Sediment provenance + transport-distance extraction for clast-fining / attrition studies — a usage of GRASS GIS, not a new GRASS module.
Given a DEM, a per-class source map (e.g. lithology ∩ a source criterion), and
sample points, it produces — per sample site — the distribution of upstream
source area vs. downstream transport distance for each class: the long-format
source_cells.csv (site, lith_index, distance_m, weight) that
CorraSaurus inverts for attrition
distances.
It orchestrates existing, well-tested GRASS modules — r.watershed,
r.stream.extract, r.stream.snap, r.stream.distance, r.stats — rather than
implementing a new operation.

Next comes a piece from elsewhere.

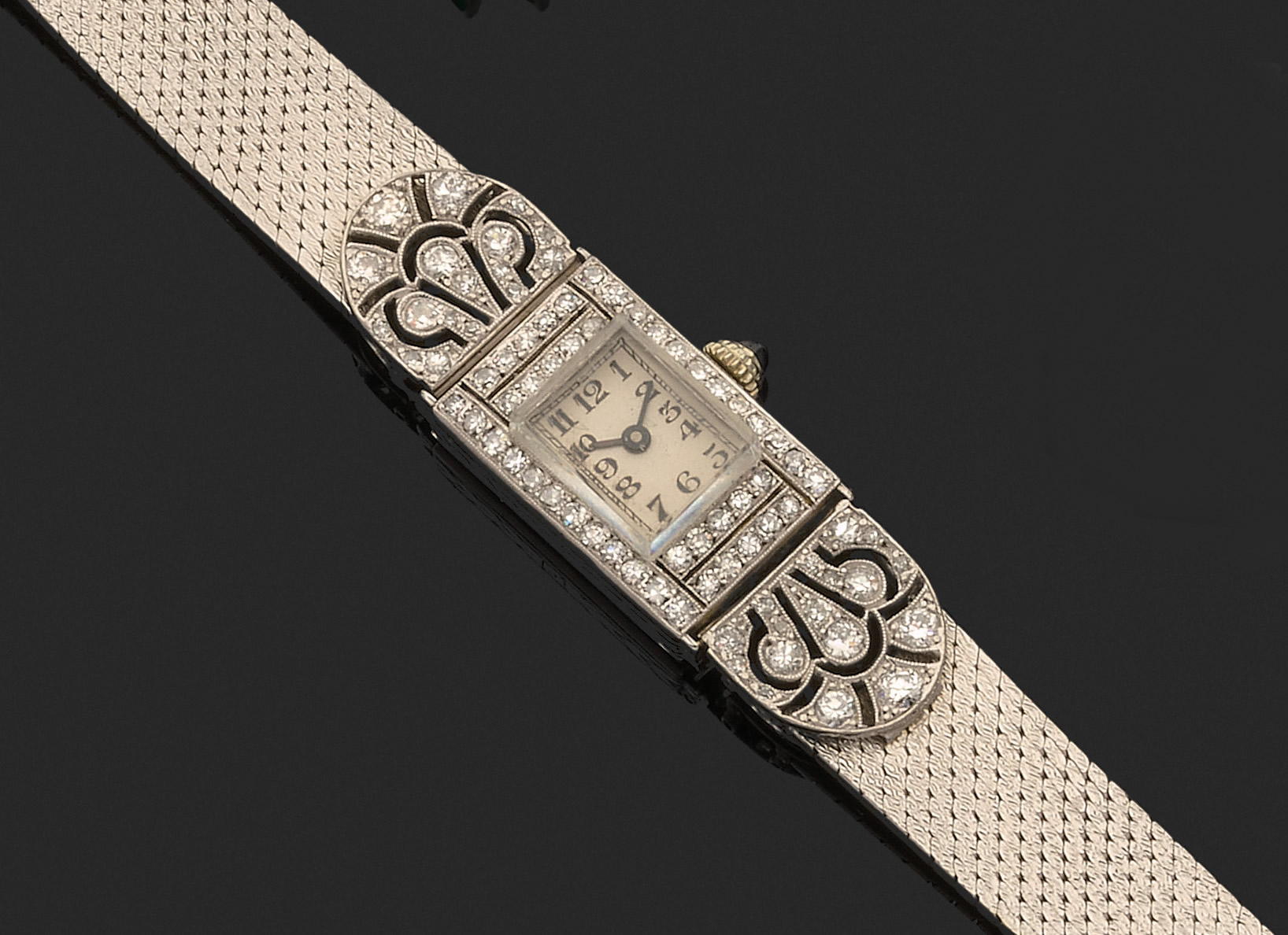 Or gris 750 millièmes, la montre de forme rectangulaire, cadran émaillé blanc, chiffres arabes pour les heures, chemin de fer pour les minutes. Le tour de lunette et les attaches à décor géométrique ornés de diamants ronds taillés en huit-huit ou de taille brillant, bracelet souple en or tressé.

The whole-path vs. channel-only (fluvial) transport
distance is selectable (DIST_MODE).
Provenisaurus runs inside a GRASS session and reads existing maps from the current mapset — you supply them (e.g. a study's prep step builds them from raw data). All maps must share one projected GRASS location / region.
Required maps
| input | type | meaning |
|---|---|---|
dem |
raster | elevation; sets the analysis region |
lithology |
raster | per-cell class code (lith_index) — the classes you invert for |
source_mask |
raster | 1 where a cell is a clast source, else null — your source-area definition (lithology ∩ a source criterion: mass-wasting, slope threshold, susceptibility, …) |
points |
vector | raw sample sites (field coordinates) with a site attribute — Provenisaurus snaps them onto the network it builds |
drainage, streams |
rasters | flow direction + channel network — supply them, or set build_basemaps: true to build them from the DEM (r.watershed + r.stream.extract at stream_threshold) |
accumulation |
raster | flow accumulation — needed for snapping when not building base maps (built otherwise) |
The points table needs one attribute, site_column (default site) — the site
name, which becomes the site column of the output. Which sites to process is
the caller's choice: supply only the points you want (e.g. those inside your
study watershed). There is no in-basin filter here — deciding basin membership
needs a study-specific outlet, so it stays with the caller.
Parameters
source_indices— whichlith_indexvalues are modelled sources (others dropped).dist_mode—whole(hillslope + channel) orchannel(fluvial-only: dist-to-outlet − dist-to-stream).snap_radius—r.stream.snapradius [cells] for snapping raw points onto the network;null/0if the points are already on it.stream_threshold— accumulation threshold [cells] for stream extraction (only used ifbuild_basemaps).out_csv— output path.
Output — source_cells.csv (LF), one row per source cell:
site, lith_index, distance_m, weight, i.e. the per-site distribution of source
area (weight = cell area) vs. downstream transport distance, for CorraSaurus.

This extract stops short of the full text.